Receiver-Side and Control-Plane Semantics
sender::handle_control dispatches control frames by mode: Ready updates the ready gate, FecCapabilities checks manifest compatibility via control::ensure_fec_compatible, FecStatus updates per-receiver completion watermarks and retirement limits, while Ack is ignored in FEC mode and only used for non-FEC cumulative completion. On the receiver side, receiver::run emits Ready at startup, sends batched Ack in groups of 16 contiguous chunks or completion edges, advertises FecCapabilities only when runtime has FEC enabled, and provides FecManifest/Manifest during handshakes. Frames that arrive before manifest, carry invalid payload lengths, or use unknown formats are dropped, with warnings for unknown formats.
Observability + Rollout Guardrails
Collaborative dispatch-time assignment remains the only supported multi-tree FEC behavior. fec_collaborative_multitree_enabled is purely a rollout gate and does not choose between different strategies. Runtime preflight enforces sequential ingress whenever collaborative multi-tree is used. Session-start logs explicitly include fec_tree_ids, fec_tree_lane_depth, fec_dispatch_burst, and processor ingress policy details.

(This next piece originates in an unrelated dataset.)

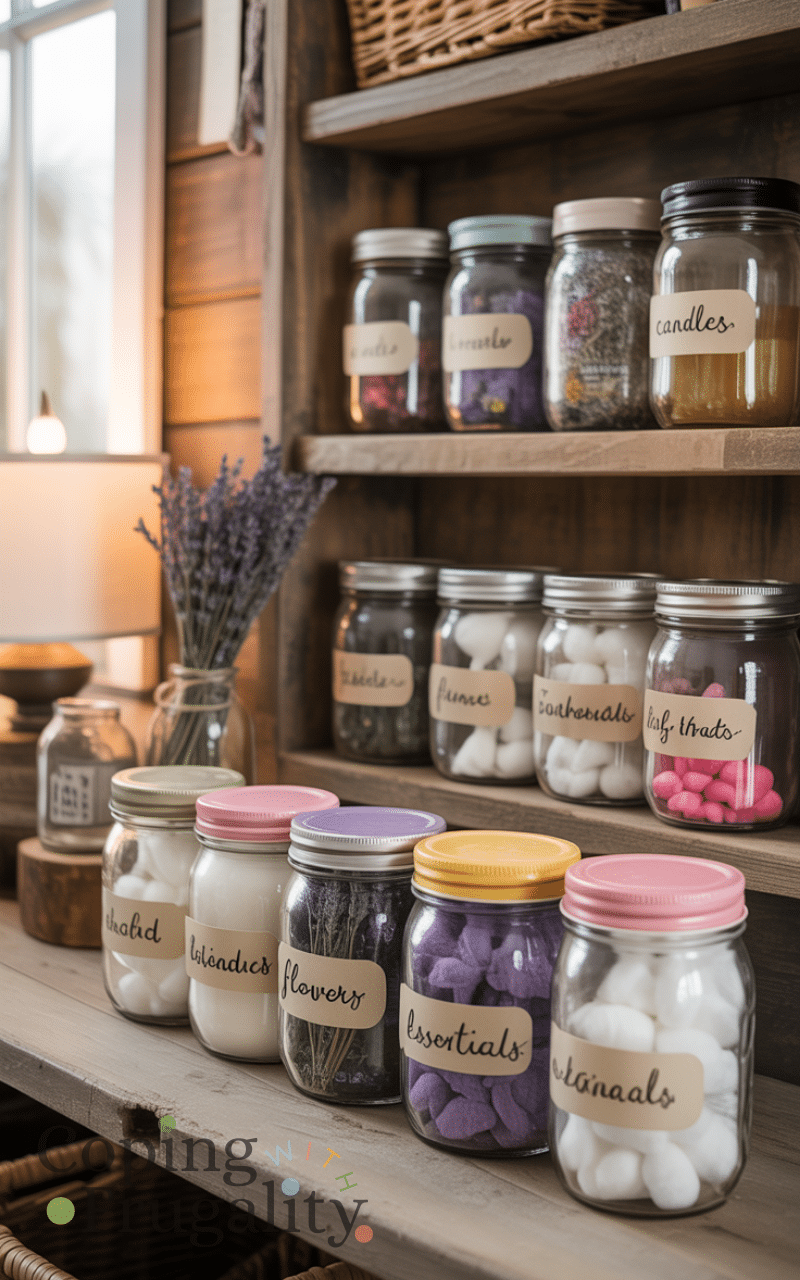 Glass jars from thrift stores are perfect for DIY Decor from Thrifted Items on a Budget. Use them to store small items like candles, flowers, or bathroom essentials. You can paint the lids or add labels for a cohesive look. This idea combines organization with affordable style.

They also surface per-tree counters (queued, sent, blocked, drained, wakeups), and all-lanes-blocked waits/wakeups now emit per-tree snapshots to speed backpressure diagnosis.
Example
[lossless_runtime_config]
default_chunk_size = 8500
ready_grace_ms = 1500
fec_tree_lane_depth = 32
fec_dispatch_burst = 1
fec_max_tree_lanes = 64
fec_collaborative_multitree_enabled = true
fec_enabled = false
fec_require_capability = true
fec_default_symbols_per_block = 32
fec_symbol_size_policy = "chunk_size"
fec_default_symbol_size = 8500
fec_tree_ids_source = "config"
fec_default_tree_ids = [0]
fec_symbols_per_block_min = 1
fec_symbols_per_block_max = 1024
fec_symbol_size_min = 1
fec_symbol_size_max = 16384
# Optional pacing
# [lossless_runtime_config.data_bucket]
# rate = 50_000_000 # bytes/sec
# bucket_size = 200_000 # bytesNotes
Lossless delivery relies on TCP with back pressure in the default path. In practice, tune default_chunk_size alongside MTU constraints; the shipped default of 8500 bytes is optimized for jumbo-frame environments.